On 28 September 1322, the decisive Battle of Mühldorf was fought here between Bavaria and Salzburg. Before the battle, the Prince-Archbishop of Salzburg knighted several of the burghers of the town.

In 1802, Mühldorf became part of Bavaria.
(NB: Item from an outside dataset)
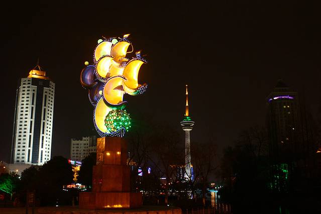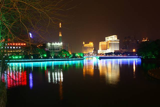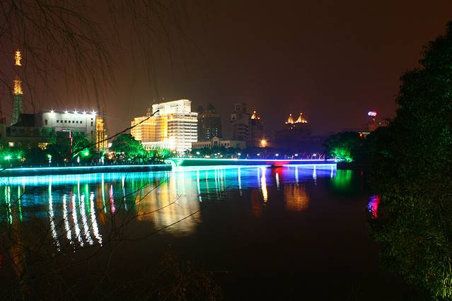 夜色中的濠河,美的是银镜如水的感觉。彩色的灯流在濠河中蜿蜒流淌,河边绿树掩荫,恰如一条翡翠项链依恋在通城少女的颈项上。

During World War II, it was the site of the Mühldorf concentration camp complex. Several Allied air raids directed at the area were designed to target the rail links into Munich and disrupt the transportation of materiel from the "Innwerk" industrial park in Töging am Inn. Around 44 U.S. Air personnel are thought to have perished during the return flight following one of these raids. Civilian casualties are believed to be much higher due to many aircraft crews being unable to identify their primary objectives.

== Climate ==

Climate data for Mühldorf (1991–2020 normals)
| Month | Jan | Feb | Mar | Apr | May | Jun | Jul | Aug | Sep | Oct | Nov | Dec | Year |
| Mean daily maximum °C (°F) | 2.5 (36.5) | 4.7 (40.5) | 9.8 (49.6) | 15.3 (59.5) | 19.6 (67.3) | 23.0 (73.4) | 25.0 (77.0) | 24.7 (76.5) | 19.6 (67.3) | 14.0 (57.2) | 7.2 (45.0) | 3.2 (37.8) | 14.1 (57.4) |
| Daily mean °C (°F) | −0.9 (30.4) | 0.2 (32.4) | 4.4 (39.9) | 9.0 (48.2) | 13.7 (56.7) | 17.1 (62.8) | 18.5 (65.3) | 18.1 (64.6) | 13.4 (56.1) | 8.8 (47.8) | 3.7 (38.7) | 0.2 (32.4) | 8.9 (48.0) |
| Mean daily minimum °C (°F) | −4.2 (24.4) | −4.1 (24.6) | −0.7 (30.7) | 2.5 (36.5) | 7.4 (45.3) | 11.0 (51.8) | 12.3 (54.1) | 12.0 (53.6) | 8.0 (46.4) | 4.3 (39.7) | 0.3 (32.5) | −2.8 (27.0) | 3.8 (38.8) |
| Average precipitation mm (inches) | 49.7 (1.96) | 42.0 (1.65) | 57.6 (2.27) | 46.4 (1.83) | 89.2 (3.51) | 96.9 (3.81) | 101.4 (3.99) | 93.3 (3.67) | 68.1 (2.68) | 58.0 (2.28) | 51.8 (2.04) | 54.5 (2.15) | 809.0 (31.85) |
| Average precipitation days (≥ 1.0 mm) | 15.3 | 13.9 | 15.0 | 11.9 | 15.2 | 15.7 | 15.4 | 14.5 | 14.4 | 14.8 | 14.6 | 16.3 | 176.9 |
| Average snowy days (≥ 1.0 cm) | 14.4 | 11.5 | 4.5 | 0.5 | 0 | 0 | 0 | 0 | 0 | 0.1 | 3.0 | 10.1 | 44.1 |
| Average relative humidity (%) | 88.1 | 84.4 | 78.6 | 72.5 | 73.0 | 74.8 | 75.0 | 77.1 | 83.0 | 87.1 | 91.1 | 90.1 | 81.2 |
| Mean monthly sunshine hours | 61.0 | 89.4 | 139.6 | 189.1 | 217.1 | 228.6 | 244.1 | 231.8 | 159.5 | 109.9 | 57.6 | 51.3 | 1,779 |
Source: World Meteorological Organization

== Sport ==
The Rennbahnstadion Mühldorf is located to the south-east of the river on Altöttinger Str. 27. The venue hosts Long track speedway and has held multiple rounds of the FIM Long Track World Championship since 1958 and remains one of the leading long track facilities in the world.